From my perspective, economic security is the foundation of economic opportunity. It’s things like living wages, affordable health care, affordable child care and affordable college educations. When you look at what happened after World War II, the GI Bill sent millions of people to college, and not only paid for college tuition, but paid to support dependents while you were getting an education. That is something that Americans can’t even imagine today—a support system like that. Federal and governmental policies enabled people to translate working hard into moving up.

But there was also a social contract between employers and employees based on mutual protections and mutual loyalties where companies paid good wages and offered good benefits and in return workers worked really hard and helped build the company. Together, that created not only economic growth but shared economic growth. Over the last 30 or 40 years, the people who are reaping most of the rewards are companies and the executives. It is not being shared with the average worker, and that’s a fundamental change from how things were post-World War II.

So a lot of this is about policy and the moral and ideological viewpoint underneath policy. It used to be we believed we were better off if we stood together in good times and bad. And that began to unravel and it became more about everyone being on their own, which is why you hear phrases like free-agent nation. We’re getting to a point where a very strong case can be made that that way of organizing our society and organizing our relationship between employers and employees is not sustainable. And if we want long-term economic growth we are going to have to think about how we can all share and all move up.

Is the American Dream a thing of the past? Are people still dreaming?
I think it’s just a dream and that’s because the people I profiled were letting go of their dreams. Instead of looking up and dreaming, people are looking down and figuring out how to cope and survive. And we are seeing that in surveys. It used to be that the American Dream was to own a home and move up the class ladder. Now what we are seeing is that Americans are more concerned about holding onto what they have. The desire to own a home has been replaced by the desire to be debt-free and have financial stability. We are seeing these personal, subjective changes in what the American Dream looks like.

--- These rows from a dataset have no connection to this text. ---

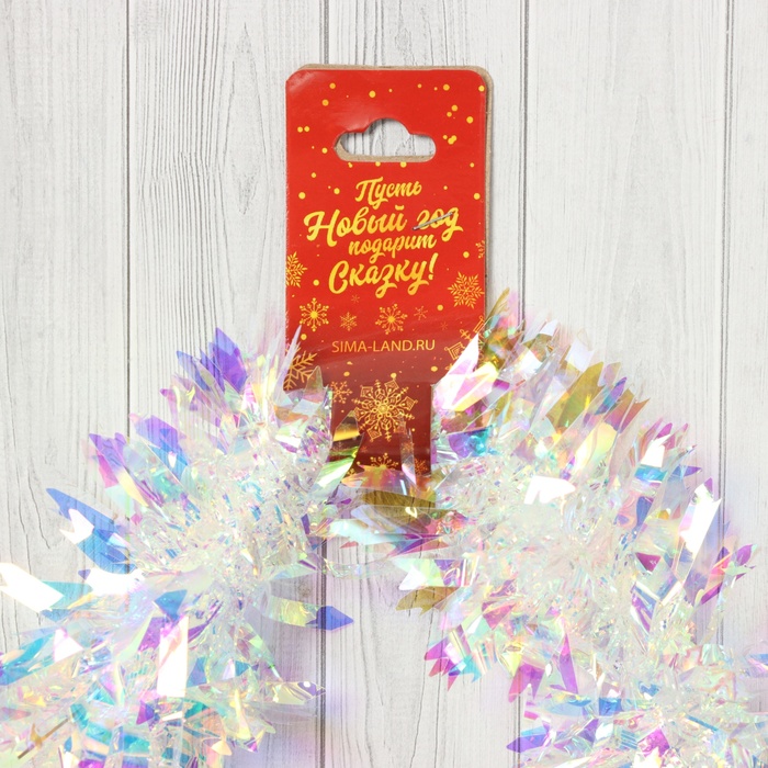 Мишура новогодняя «Зимнее волшебство. Праздничный отблеск», острые края, d=7 см, 200 см, перламутровый прозрачный
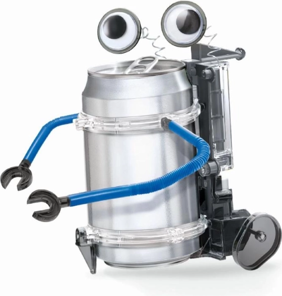 Nella confezione sono inclusi tutti i componenti necessari tranne la lattina. Con l’aiuto delle istruzioni illustrate, i bambini assembleranno passo dopo passo il robot, che potranno decorare con occhi mobili e braccia flessibili. Nasce così un giocattolo originale che sviluppa con facilità le competenze STEM.
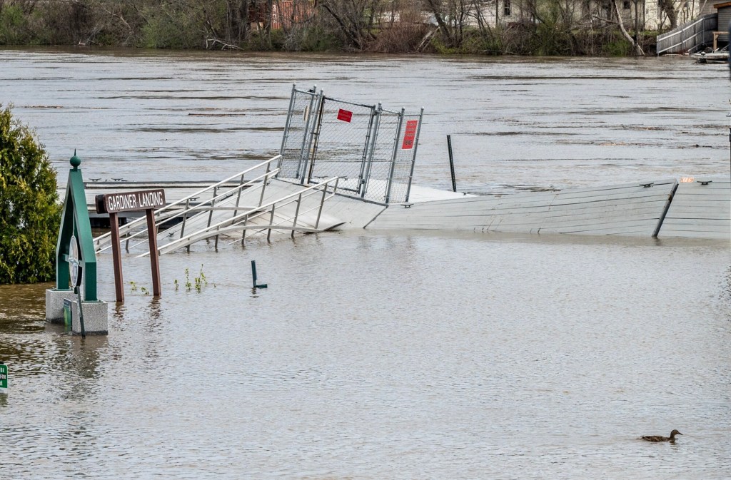 Further downstream, near where the Cobbosseecontee flows into the Kennebec, the Maine Department of Transportation closed both the pedestrian and vehicle bridges crossing Maine Avenue on Tuesday because of the high water levels.
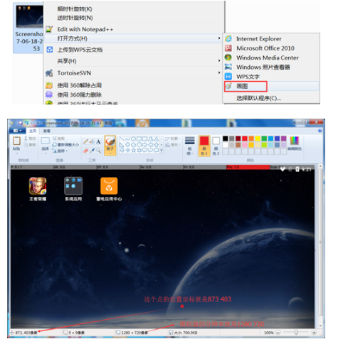 先用模拟器的截图功能把模拟器的图截下来,然后用电脑自带的“画图”软件打开这个截图,鼠标移动到画面中相应的点上,左下方就会显示像素坐标,可以轻松得到模拟器里每个点的位置坐标了。如下图:
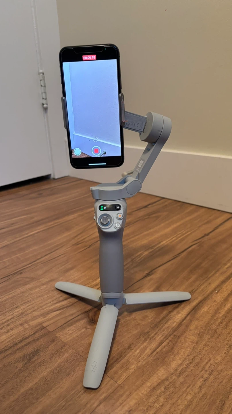 This is a DJI OSMO Mobile 6 smartphone gimbal, great for stabilizing your phone for video recording. It's lightweight and portable. Includes original pouch and charging cable.

There is a whole psychology that underlies the American Dream and my sense from the data out there and from talking to families is that the belief that if I work hard I will move up has fallen by the wayside. People are nervous about what the new rules of the game are. They are working hard but it’s not translating into what they thought it would.

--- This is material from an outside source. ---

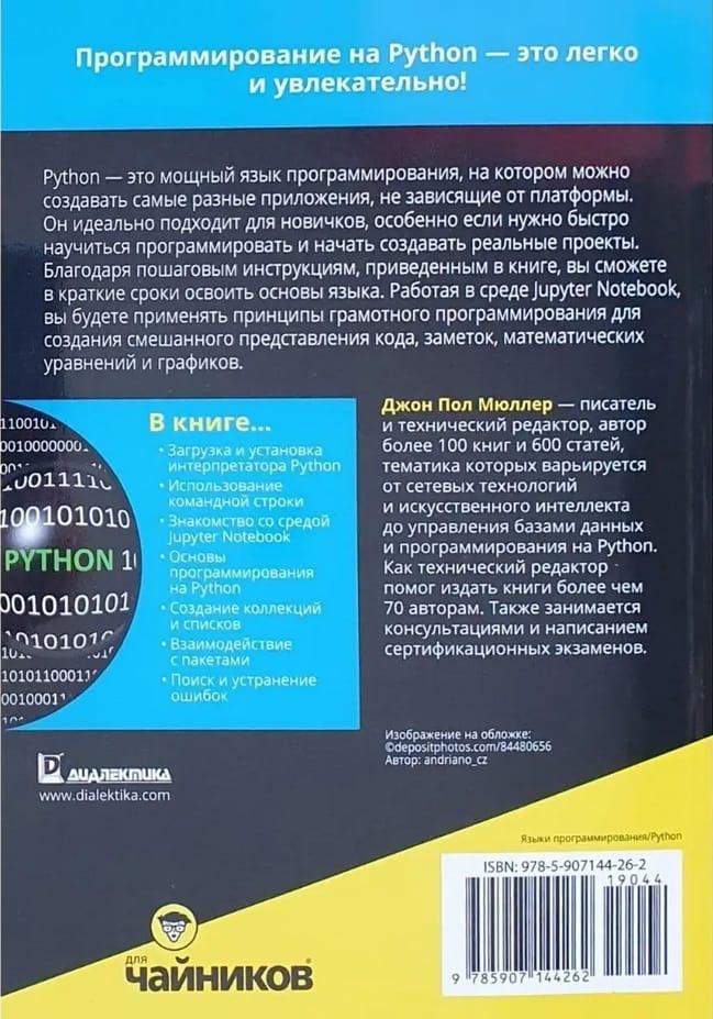 Python ir jaudīga programmēšanas valoda, ko var izmantot, lai radītu dažādas no platformas neatkarīgas lietojumprogrammas. Tā ir ideāli piemērota iesācējiem, īpaši, ja nepieciešams ātri apgūt programmēšanu un sākt veidot reālus projektus. Pateicoties šajā grāmatā sniegtajiem soli pa solim izklāstītajiem norādījumiem, jūs ātri apgūsiet valodas pamatus. Strādājot Jupyter Notebook vidē, jūs pielietosiet lietpratīgas programmēšanas principus, lai izveidotu jauktu koda, piezīmju, matemātisko vienādojumu un grafiku attēlojumu. Grāmatā: Python lejupielādēšana un instalēšana. Komandrindas izmantošana. Iepazīšanās ar Jupyter Notebook vidi. Python programmēšanas pamati. Kolekciju un sarakstu veidošana. Saskarsme ar pakotnēm. Kļūdu atrašana un labošana. Džons Pols Mellers ir rakstnieks un tehniskais redaktors, kurš ir autors vairāk nekā 100 grāmatām un 600 rakstiem par dažādām tēmām, sākot no tīklu un mākslīgā intelekta līdz datubāzu pārvaldībai un Python programmēšanai. Kā tehniskais redaktors viņš ir palīdzējis vairāk nekā 70 autoriem publicēt grāmatas. Viņš nodarbojas arī ar konsultēšanu un sertifikācijas eksāmenu rakstīšanu.
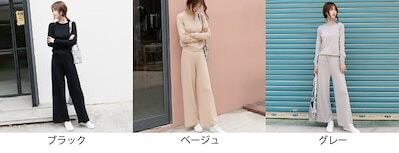 レディース 上下2点セット ニット + ニットパンツ ラウンドネック 長袖 カジュアル 可愛い きれいめ キレカジ おしゃれ お出かけ リラクシー お呼ばれ ブラック ベージュ グレー M L サイズ

Are you optimistic about the future?
The good news is that people are talking about inequality and the hollowing out of the middle class. There is a growing sense that we are not on the right track. A recent poll found that a historic proportion of people lacked confidence that their children’s generation would do better than their own. When these feelings begin to become the norm and are shared by a lot of people then that’s when a real conversation can start about how to fix things.

But these are big problems and we need big changes and big solutions. And we need a lot of innovation in how we provide security for families. There is a fierce battle about the role of government in providing security and we saw that debate with the Affordable Care Act. So I am optimistic but there is a long road ahead of us. There is a lot to lose by not addressing this from a societal stability perspective and a national competitiveness advantage perspective. My hope is that we actually start figuring it out and addressing it.